The House also passed his amendment calling for an evaluation of MnSCU's efficiency. Although critics of the amendment have said a performance audit has already been done, Pelowski said the MnSCU needs to consider things such as cutting one layer of administration, sharing services and forming multi-campus institiutions.

"You do not get two layers of administration," he said. "It's not sustainable."

Other highlights of the bill include:

  • State agency cuts. The State Office of Higher Education administration would decrease by 15.4 percent.

  • State Grant Program stability. The bill would increase appropriations by 9.4 percent -- leaving it fully funded -- and leave untouched the Work-Study Postsecondary Child Grant programs.

  • Fixed  tuition. Schools would be encouraged to offer a “stable tuition” program that would enable students to pay the same tuition through their college careers — four years at universities and two years at community and technical colleges.

  • Benchmarks. The state would withhold one percent of the funding for both MnSCU and the U until the systems met benchmarks related to things such as graduation rates, diversity and institutional financial aid.

  • Senior classes. The House would reduce from 66 to 62 the age at which residents could participate in a reduced-rate college courses.
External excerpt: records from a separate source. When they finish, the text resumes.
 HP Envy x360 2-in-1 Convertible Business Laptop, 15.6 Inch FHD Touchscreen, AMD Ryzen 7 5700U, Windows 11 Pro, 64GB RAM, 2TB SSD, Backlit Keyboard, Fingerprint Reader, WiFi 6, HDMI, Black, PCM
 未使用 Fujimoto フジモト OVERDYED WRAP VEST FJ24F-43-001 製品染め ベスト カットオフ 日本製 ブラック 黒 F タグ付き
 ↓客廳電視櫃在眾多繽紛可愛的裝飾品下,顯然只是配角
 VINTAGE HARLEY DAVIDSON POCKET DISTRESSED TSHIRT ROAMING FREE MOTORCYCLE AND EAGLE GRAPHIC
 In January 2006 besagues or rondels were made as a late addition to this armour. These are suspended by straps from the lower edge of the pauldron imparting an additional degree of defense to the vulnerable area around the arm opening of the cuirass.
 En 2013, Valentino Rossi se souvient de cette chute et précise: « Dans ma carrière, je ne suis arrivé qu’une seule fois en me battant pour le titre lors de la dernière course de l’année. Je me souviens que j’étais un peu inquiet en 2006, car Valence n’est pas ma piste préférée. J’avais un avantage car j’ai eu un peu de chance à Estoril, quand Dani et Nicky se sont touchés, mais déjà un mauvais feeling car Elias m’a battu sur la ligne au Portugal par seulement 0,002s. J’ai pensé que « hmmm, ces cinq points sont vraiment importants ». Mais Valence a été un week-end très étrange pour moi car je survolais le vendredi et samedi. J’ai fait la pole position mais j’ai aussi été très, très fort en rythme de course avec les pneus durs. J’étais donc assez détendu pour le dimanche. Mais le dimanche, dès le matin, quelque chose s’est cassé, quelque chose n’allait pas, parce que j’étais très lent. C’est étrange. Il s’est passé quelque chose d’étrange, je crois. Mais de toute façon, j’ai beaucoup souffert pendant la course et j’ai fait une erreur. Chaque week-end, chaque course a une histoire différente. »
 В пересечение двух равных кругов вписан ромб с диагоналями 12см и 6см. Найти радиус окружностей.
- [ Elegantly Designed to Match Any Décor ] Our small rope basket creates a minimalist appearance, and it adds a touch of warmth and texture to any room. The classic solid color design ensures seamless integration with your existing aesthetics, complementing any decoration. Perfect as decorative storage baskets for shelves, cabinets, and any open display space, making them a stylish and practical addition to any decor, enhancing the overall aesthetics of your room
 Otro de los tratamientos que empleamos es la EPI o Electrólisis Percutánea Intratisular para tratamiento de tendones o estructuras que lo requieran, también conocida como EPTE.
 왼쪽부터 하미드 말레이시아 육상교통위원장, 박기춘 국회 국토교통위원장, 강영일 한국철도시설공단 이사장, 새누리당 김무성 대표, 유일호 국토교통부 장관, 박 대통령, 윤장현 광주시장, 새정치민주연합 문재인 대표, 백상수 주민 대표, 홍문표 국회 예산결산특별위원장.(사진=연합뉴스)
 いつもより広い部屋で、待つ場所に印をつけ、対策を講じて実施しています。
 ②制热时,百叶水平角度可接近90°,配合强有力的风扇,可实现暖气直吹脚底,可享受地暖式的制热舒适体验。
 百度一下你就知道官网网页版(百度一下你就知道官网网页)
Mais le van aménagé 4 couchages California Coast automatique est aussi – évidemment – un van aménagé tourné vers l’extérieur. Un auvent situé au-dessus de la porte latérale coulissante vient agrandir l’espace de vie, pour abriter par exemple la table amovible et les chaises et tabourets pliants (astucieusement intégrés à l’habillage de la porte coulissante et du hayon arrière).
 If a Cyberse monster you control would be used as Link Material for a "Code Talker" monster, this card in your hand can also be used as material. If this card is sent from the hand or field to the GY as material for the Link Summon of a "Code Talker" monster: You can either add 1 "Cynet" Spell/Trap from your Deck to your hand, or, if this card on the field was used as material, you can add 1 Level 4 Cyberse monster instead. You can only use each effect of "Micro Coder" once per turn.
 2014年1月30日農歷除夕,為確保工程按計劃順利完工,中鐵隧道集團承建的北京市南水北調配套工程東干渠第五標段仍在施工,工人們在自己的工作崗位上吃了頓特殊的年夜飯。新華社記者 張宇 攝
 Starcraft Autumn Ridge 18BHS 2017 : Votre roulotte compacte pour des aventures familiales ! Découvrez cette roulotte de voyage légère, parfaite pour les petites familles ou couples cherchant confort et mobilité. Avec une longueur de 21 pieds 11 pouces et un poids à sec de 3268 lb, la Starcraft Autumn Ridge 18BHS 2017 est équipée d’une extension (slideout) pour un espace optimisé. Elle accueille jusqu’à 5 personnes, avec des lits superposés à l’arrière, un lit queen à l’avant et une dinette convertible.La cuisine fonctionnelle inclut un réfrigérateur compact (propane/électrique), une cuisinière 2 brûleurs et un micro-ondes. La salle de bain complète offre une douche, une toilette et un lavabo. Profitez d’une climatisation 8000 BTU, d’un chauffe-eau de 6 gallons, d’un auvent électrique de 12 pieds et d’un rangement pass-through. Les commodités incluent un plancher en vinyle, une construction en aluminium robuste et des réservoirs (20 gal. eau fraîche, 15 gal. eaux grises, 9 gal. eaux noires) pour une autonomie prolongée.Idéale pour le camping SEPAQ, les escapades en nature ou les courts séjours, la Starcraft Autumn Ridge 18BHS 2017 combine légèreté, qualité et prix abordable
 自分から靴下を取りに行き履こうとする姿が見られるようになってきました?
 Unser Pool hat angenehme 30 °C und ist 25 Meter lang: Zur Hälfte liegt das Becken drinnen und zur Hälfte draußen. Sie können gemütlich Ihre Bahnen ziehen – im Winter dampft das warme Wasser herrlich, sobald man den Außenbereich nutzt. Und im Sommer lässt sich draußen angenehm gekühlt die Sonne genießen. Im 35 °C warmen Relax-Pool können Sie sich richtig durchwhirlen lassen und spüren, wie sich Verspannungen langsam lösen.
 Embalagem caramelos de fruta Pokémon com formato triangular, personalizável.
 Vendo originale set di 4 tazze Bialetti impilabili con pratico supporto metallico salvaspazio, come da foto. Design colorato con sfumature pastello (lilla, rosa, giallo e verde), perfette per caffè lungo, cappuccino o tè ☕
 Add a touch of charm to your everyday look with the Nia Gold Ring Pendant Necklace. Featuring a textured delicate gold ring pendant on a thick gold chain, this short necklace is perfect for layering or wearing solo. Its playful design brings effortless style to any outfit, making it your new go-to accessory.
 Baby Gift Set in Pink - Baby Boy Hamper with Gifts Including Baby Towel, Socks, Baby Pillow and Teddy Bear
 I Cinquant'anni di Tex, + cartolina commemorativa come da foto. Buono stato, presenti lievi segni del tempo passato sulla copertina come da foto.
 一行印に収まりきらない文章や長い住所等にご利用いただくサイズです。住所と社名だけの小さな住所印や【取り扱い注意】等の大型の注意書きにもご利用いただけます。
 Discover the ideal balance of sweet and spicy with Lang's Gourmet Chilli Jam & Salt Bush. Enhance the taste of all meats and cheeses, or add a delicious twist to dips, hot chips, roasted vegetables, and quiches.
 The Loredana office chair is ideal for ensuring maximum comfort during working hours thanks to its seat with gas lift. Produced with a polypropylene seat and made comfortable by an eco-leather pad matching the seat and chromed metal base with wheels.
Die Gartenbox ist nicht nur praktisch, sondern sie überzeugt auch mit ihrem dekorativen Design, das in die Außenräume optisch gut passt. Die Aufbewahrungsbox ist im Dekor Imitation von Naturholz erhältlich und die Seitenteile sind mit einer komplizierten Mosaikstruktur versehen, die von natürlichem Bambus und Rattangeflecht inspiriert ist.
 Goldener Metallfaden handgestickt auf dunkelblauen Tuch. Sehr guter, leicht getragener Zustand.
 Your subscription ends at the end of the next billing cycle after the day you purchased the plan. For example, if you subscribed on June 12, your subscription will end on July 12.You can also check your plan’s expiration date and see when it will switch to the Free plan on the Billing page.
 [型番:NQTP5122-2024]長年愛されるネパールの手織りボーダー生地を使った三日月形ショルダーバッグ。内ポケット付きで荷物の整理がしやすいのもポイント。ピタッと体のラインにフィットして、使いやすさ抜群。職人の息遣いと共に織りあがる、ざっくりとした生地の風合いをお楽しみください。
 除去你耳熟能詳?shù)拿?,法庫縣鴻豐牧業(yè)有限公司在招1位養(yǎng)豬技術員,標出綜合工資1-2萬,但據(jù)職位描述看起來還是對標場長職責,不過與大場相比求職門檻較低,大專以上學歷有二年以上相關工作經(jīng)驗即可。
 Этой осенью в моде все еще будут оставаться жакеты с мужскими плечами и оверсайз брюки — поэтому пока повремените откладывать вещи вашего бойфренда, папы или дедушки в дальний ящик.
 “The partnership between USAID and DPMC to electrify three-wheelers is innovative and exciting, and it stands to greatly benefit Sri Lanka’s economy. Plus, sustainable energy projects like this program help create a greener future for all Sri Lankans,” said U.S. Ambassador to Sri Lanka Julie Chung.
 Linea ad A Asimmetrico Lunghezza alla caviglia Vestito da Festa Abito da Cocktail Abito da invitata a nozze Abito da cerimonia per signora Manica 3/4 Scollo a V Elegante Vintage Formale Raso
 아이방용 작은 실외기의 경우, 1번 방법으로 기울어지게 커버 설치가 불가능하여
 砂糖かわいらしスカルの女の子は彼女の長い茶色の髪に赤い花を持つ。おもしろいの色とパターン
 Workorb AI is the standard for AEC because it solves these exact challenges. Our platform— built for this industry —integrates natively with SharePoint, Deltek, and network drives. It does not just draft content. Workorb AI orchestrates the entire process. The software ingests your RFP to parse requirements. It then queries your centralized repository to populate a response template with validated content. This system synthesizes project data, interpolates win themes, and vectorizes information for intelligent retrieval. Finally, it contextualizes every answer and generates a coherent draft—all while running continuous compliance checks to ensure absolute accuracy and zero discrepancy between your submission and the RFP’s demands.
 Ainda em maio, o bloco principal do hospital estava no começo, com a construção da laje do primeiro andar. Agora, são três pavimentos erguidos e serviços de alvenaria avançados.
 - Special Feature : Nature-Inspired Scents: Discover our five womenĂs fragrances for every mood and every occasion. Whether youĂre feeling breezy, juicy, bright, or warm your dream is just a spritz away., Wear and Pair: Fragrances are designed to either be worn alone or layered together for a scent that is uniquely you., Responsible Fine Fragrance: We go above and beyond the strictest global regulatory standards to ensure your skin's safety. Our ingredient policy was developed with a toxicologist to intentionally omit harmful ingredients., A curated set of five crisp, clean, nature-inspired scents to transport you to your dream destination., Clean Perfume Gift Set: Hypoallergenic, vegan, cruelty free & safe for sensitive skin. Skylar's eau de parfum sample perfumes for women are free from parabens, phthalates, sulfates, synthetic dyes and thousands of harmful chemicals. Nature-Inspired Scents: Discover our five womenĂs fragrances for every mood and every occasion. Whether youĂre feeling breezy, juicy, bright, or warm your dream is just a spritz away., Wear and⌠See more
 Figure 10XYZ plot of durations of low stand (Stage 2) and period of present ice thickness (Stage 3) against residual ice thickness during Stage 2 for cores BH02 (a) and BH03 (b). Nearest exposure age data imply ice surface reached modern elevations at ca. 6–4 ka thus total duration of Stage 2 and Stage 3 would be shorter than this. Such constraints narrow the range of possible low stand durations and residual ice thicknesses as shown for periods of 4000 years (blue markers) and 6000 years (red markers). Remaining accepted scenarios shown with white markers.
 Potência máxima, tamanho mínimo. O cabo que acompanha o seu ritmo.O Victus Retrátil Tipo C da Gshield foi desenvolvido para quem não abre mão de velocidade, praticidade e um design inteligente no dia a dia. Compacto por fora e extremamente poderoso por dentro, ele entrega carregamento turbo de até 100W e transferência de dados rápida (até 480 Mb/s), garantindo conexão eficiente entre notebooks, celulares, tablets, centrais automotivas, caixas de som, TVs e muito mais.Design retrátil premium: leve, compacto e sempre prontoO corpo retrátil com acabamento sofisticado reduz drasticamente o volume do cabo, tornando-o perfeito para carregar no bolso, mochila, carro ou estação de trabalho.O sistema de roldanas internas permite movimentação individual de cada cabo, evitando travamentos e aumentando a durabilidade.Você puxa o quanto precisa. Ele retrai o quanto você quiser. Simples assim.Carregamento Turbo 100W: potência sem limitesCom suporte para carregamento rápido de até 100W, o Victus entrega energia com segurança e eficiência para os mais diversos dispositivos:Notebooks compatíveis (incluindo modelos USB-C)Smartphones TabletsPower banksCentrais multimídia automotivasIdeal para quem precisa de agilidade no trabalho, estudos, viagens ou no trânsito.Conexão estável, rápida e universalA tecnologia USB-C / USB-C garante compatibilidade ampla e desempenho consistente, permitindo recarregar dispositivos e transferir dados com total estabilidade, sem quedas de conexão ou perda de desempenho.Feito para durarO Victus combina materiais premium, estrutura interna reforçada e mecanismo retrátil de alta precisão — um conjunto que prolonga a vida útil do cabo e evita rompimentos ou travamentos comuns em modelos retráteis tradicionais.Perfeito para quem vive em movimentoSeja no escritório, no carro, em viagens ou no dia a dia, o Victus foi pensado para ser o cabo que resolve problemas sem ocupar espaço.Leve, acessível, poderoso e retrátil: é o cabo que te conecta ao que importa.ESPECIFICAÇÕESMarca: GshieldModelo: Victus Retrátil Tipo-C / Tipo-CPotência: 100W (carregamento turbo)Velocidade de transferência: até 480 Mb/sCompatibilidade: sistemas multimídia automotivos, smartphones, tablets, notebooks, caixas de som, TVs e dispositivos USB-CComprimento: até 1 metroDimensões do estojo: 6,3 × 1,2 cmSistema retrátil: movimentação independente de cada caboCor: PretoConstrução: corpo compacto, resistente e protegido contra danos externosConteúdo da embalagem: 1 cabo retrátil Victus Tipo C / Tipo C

  • A study of for-profits. The state would study graduate education in the for-profit college sector in an attempt to protect graduate students’ rights.

  • Credit transfers. MnSCU would have to allow students to transfer credits from one MnSCU school to another on a 1:1 basis, at least as electives.

  • Mandates. The bill would repeal requirements for college bookstores to sell apparel made in America, and for public employers (such as higher-ed institutions) from requiring the purchase of certain items from the United States.

Nornes said he doesn’t expect or support any proposals to close campuses, but Rep. Tom Rukavina (DFL-Virginia) said tiny colleges just might. Rainy River Community College, which he said has only about 300 students, would take a cut of more than $2,100 per student -- possibly forcing closure. "It's 110 miles to the nearest (college) from International Falls, and you're cutting that campus," Rukavina said. "There are no highlights in this bill. There's nothing but lowlights." Nornes told the House, "Under the circumstances, it’s the best we can do. And we're not the only state in this situation."